Was aber tun, wenn ein Aufgerufener nicht zum Test erscheint? Die Antwort des BVerfG (NJW 1996, 1587, 1588) ist klar: Die Verweigerung der Probe darf „nicht als ein den Tatverdacht gegen den Beschwerdeführer begründendes oder bestärkendes Indiz gewertet werden […]; das ergibt sich aus dem allgemeinen rechtsstaatlichen Grundsatz, dass das Gebrauchmachen von einem gesetzlich eingeräumten Rechtsbehelf nicht in unzumutbarer, aus Sachgründen nicht mehr zu rechtfertigender Weise erschwert werden darf.“ Entsprechend heißt es in der Gesetzesbegründung (BT-Drucks 15/5674 S. 13 f.): „Aus der Ausgestaltung der Regelung als Befugnisnorm für eine Maßnahme auf der Basis freiwilliger Mitwirkung der Betroffenen folgt […], dass allein die Verweigerung der Teilnahme am Reihengentest für sich betrachtet keinen Anfangsverdacht begründen kann.“
Nimmt man dies ernst, wird § 81h StPO eigentlich überflüssig, denn das Ziel eines Reihengentests ist es ja gerade, möglichst viele Unschuldige zum DNA-Test zu bewegen, um dann durch das Ausschlussverfahren auf den Täter zu kommen. Darf man den Anfangsverdacht also nicht aus dem Fernbleiben vom DNA-Test folgern, stellt sich die Frage, wie man überhaupt an ihn kommen soll.
Laut der Gesetzesbegründung darf man deshalb hierfür auf „sonstige Umstände, zu denen auch die Prüfmerkmale nach Absatz 1 zählen,“ zurückgreifen. Dem fernbleiben kommt für einen so gefundenen Anfangsverdacht – entgegen der Vorgabe des BVerfG – eine „verdachtsverstärkende Wirkung“ zu.
Im Klartext: Aus der Tatsache, dass man nicht zum Gentest erscheint, darf kein Verdacht geschlossen werden, wohl aber daraus, dass man zu der Gruppe, die für den Test ausgewählt wurde. Dieser Verdacht wird dann dadurch verstärkt, dass man nicht zum Test erschienen ist. Von der Freiwilligkeit bleibt damit nichts mehr übrig.
Es soll ja auch schon vorgekommen sein, dass der Täter aufgrund des aufgebauten Drucks an dem Test teilgenommen hat.
Da beisst sich wohl die Katz in den Schwanz. Entweder man tut es oder man tut es nicht. Viel wichtiger wäre es jedoch, sicherzustellen, dass die Massnahmen tatsächlich zu dem Zweck genacht werden und später nicht für andere Zwecke missbraucht werden.

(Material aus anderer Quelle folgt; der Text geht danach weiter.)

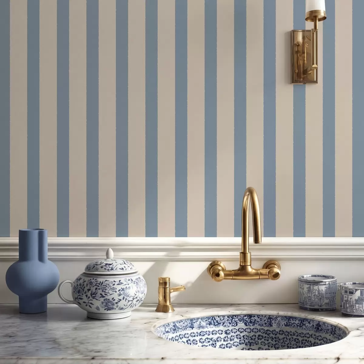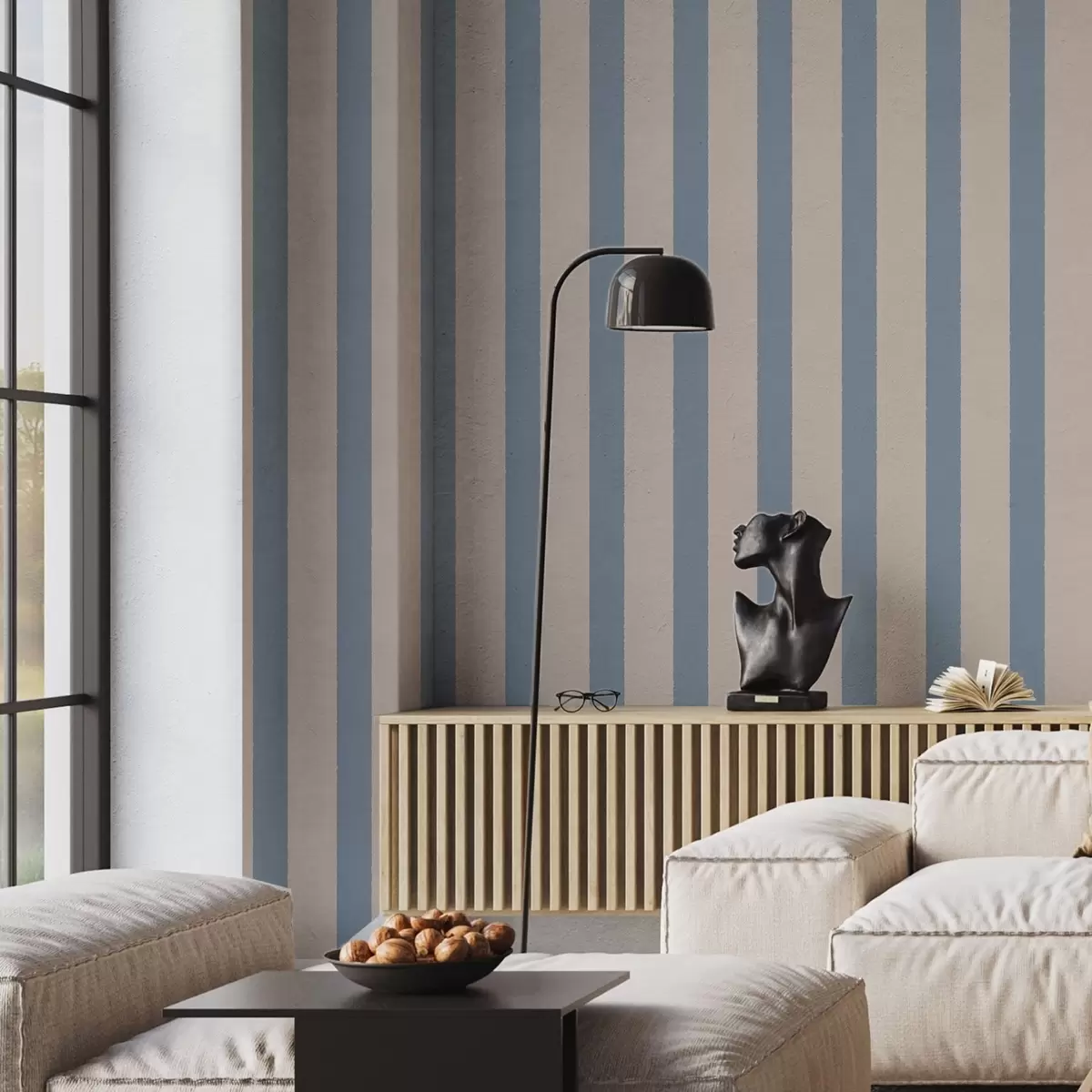 Tapete Beige und hellblaue Längsstreifen Nr. a01180v3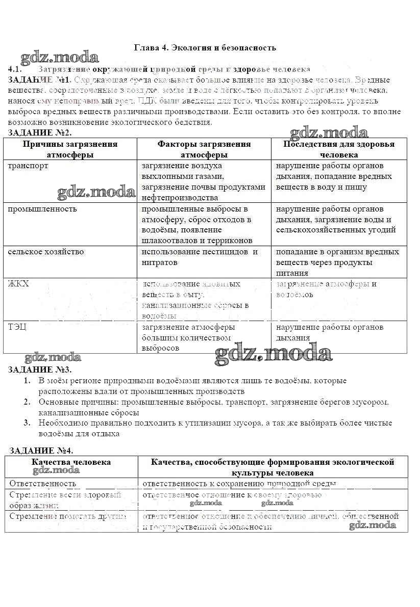 ОТВЕТ на задание № 4.1 Рабочая тетрадь по ОБЖ 8 класс Смирнов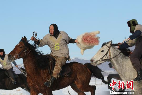 1月7日,“中国天马之乡”新疆昭苏举办冰雪旅游节。当天在天山下的莽莽雪原,哈萨克族骑手举办刁羊比赛,一展其马上绝技。

Rasterfahndung kann sehr effizient sein, aber auch missbraucht werden. Daher sollten die Rahmenbedingung zuverlässig sein und nicht durch unsinnige „Rechtsauffassungen“ verwässert werden. So wie es z.B. mit den Vaterschaftsnachweisen auch schon gemacht wurde (zum Schutz der Mutter, anstatt des Kindes?), indem der Vater diesen nicht einklagen darf und deshalb ev. zu Unrecht zahlt.
Ein schönes Beispiel dafür, warum Rechtsverdreher so genannt werden.

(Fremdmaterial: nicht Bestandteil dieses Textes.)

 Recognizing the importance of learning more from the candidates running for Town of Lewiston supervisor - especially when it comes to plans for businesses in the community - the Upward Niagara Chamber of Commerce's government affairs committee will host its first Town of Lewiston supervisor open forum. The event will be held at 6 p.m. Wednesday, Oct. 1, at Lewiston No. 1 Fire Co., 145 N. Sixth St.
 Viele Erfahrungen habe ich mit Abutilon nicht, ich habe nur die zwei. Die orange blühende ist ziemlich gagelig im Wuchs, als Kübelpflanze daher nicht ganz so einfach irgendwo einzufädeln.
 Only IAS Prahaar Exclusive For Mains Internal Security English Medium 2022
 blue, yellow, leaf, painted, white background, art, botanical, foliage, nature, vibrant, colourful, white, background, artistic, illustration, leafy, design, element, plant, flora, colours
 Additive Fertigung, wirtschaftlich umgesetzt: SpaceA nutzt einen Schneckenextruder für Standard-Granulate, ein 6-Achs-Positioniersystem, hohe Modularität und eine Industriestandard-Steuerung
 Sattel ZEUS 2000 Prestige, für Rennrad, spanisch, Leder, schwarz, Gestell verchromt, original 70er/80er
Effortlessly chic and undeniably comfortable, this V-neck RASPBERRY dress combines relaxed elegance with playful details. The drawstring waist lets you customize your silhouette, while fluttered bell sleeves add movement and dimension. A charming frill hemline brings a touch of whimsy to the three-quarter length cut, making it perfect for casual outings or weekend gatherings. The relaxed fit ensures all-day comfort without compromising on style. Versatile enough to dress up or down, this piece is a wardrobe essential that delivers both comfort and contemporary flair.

Auf was für Papier wurde denn die Entscheidung des Bundesverfassungsgerichts gedruckt?
„Von der Freiwilligkeit bleibt damit nichts mehr übrig.“
Das ist doch wohl zur Realität geworden,selbst bei einer Gruppe von 20 Verweigerern,wie in Mönchengladbach geschehen ist, wird der Test durch den Richter verfügt.
Die einzig verbliebene Gegenmaßnahme der „Gezwungenen“ ist die Verweigerung einer Speichelprobe,dann muß nämlich der Amtsarzt kommen und eine Blutentnahme durchführen,die dann im Vergleich zum Speicheltest teuer ist,ca. 120€ hab ich gehört…
@drbruddler
Test für Vaterschaftsnachweisen kann man einklagen. Man darf ihn nur nicht selber machen.
Danke für den Hinweis, diese Änderung der Rechtslage habe ich als Nichtbetroffener verschlafen.